Auto-brewery syndrome in a 50-year-old woman
Diagnostic delays and patient dismissal
- Many recount years or decades before getting diagnoses for SIBO, H. pylori, endocrine issues, back problems, pancreatitis, etc.
- Common pattern: symptoms minimized as hypochondria, “just sensitive to pain,” or drug‑seeking; tests that are cheap and available (e.g., breath tests) often withheld until after more invasive/expensive workups.
- Some argue medicine poorly distinguishes true hypochondria, socially contagious complaints, and genuinely complex/multimorbid patients.
How doctors think: tests, stats, and rare conditions
- One side: over-testing leads to false positives, unnecessary interventions, and high costs; doctors must use pre-test probability and Occam’s razor.
- Counterpoint: for noninvasive, cheap tests, better to gather information and simply raise the treatment threshold.
- Further pushback: medicine often lacks good sensitivity/specificity data, correlations, and clear disease definitions; idealized statistical frameworks don’t map cleanly onto messy clinical reality.
Auto-brewery syndrome specifics
- Described mechanism: antibiotic- and PPI-driven gut dysbiosis → overgrowth of fermenting fungi (e.g., Saccharomyces, Candida) or possibly bacteria (e.g., Klebsiella) → ethanol from carbohydrates, amplified by high-carb diet and possibly impaired aldehyde dehydrogenase.
- Treatment in the case: prolonged low‑carb diet plus fluconazole courses.
- Debate over plausibility of very high BAC levels from gut fermentation; some homebrewing experience leads to skepticism, others note continual absorption and potentially impaired metabolism.
Trust, bias, and expectations of physicians
- Many see the case as a failure of listening: repeated ED visits labeled as alcohol intoxication despite consistent denials and family corroboration; suggestions that simple inpatient observation or glucose challenge could have revealed endogenous alcohol production.

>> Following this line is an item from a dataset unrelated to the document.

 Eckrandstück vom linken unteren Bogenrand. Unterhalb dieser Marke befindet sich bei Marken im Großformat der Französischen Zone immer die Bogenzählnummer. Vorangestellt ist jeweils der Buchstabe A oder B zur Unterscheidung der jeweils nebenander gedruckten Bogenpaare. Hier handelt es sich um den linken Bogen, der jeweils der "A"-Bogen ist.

- Others stress clinicians’ experience that most patients in similar circumstances are indeed concealing alcohol use; argue that not suspecting a one‑in‑many‑thousands condition is statistically rational.
- Large debate over whether expectations of doctors should resemble “expert mechanic” (fallible, limited obligation) or a higher professional standard.

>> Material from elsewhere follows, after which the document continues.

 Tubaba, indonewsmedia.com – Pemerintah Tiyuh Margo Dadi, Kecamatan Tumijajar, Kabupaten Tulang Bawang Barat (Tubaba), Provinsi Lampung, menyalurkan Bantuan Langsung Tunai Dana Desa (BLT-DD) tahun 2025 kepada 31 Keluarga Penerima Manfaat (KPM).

Gender, identity, and systemic issues
- Several note women are disproportionately dismissed, with some resorting to dressing more “professional” or bringing male partners to be taken seriously.
- Similar complaints for trans patients (“trans broken arm syndrome”) and for patients of color.

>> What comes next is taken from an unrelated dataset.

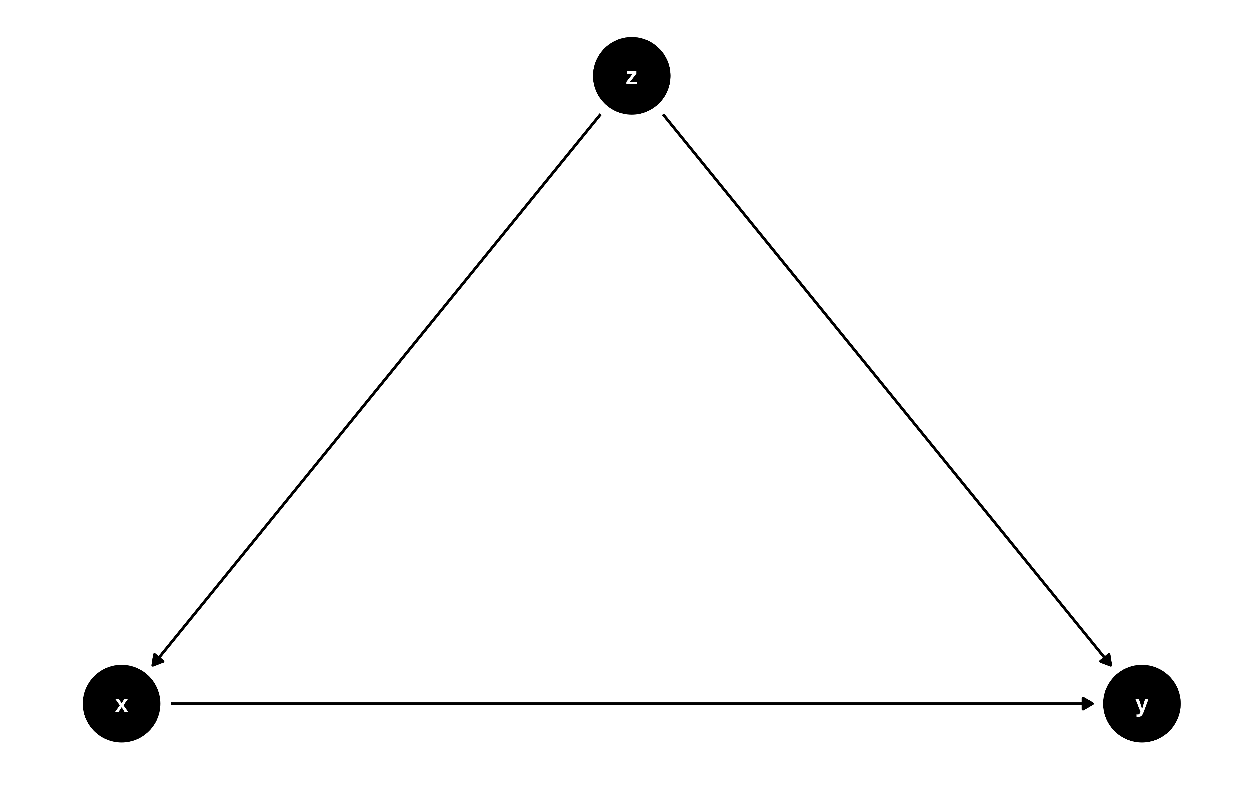Ponemos que el efecto total de x sobre y es 6, pero que está mediado sólo por z, y que el efecto directo de x sobre y es 0.

- Others counter that dismissal and misdiagnosis also affect well‑insured men; systemic throughput pressure and short appointments are emphasized.
Gut flora, probiotics, and diet
- Antibiotics repeatedly highlighted as key disruptor leading to gut problems, including possible auto‑brewery.
- Some regions routinely pair antibiotics with probiotics; others see reluctance due to weak evidence, variable products, and potential unknowns.
- Several suggest fermented foods (yogurt, kefir, sauerkraut, kimchi) may help recolonization, but effectiveness and impact on conditions like auto‑brewery remain unclear.
Rarity vs underdiagnosis
- Auto‑brewery is treated in the thread as extremely rare (on the order of ~100 documented cases), justifying publication as a case report.
- Some argue many “rare” diseases are more accurately “rarely diagnosed,” but others respond that even a large undercount would still leave this condition very uncommon.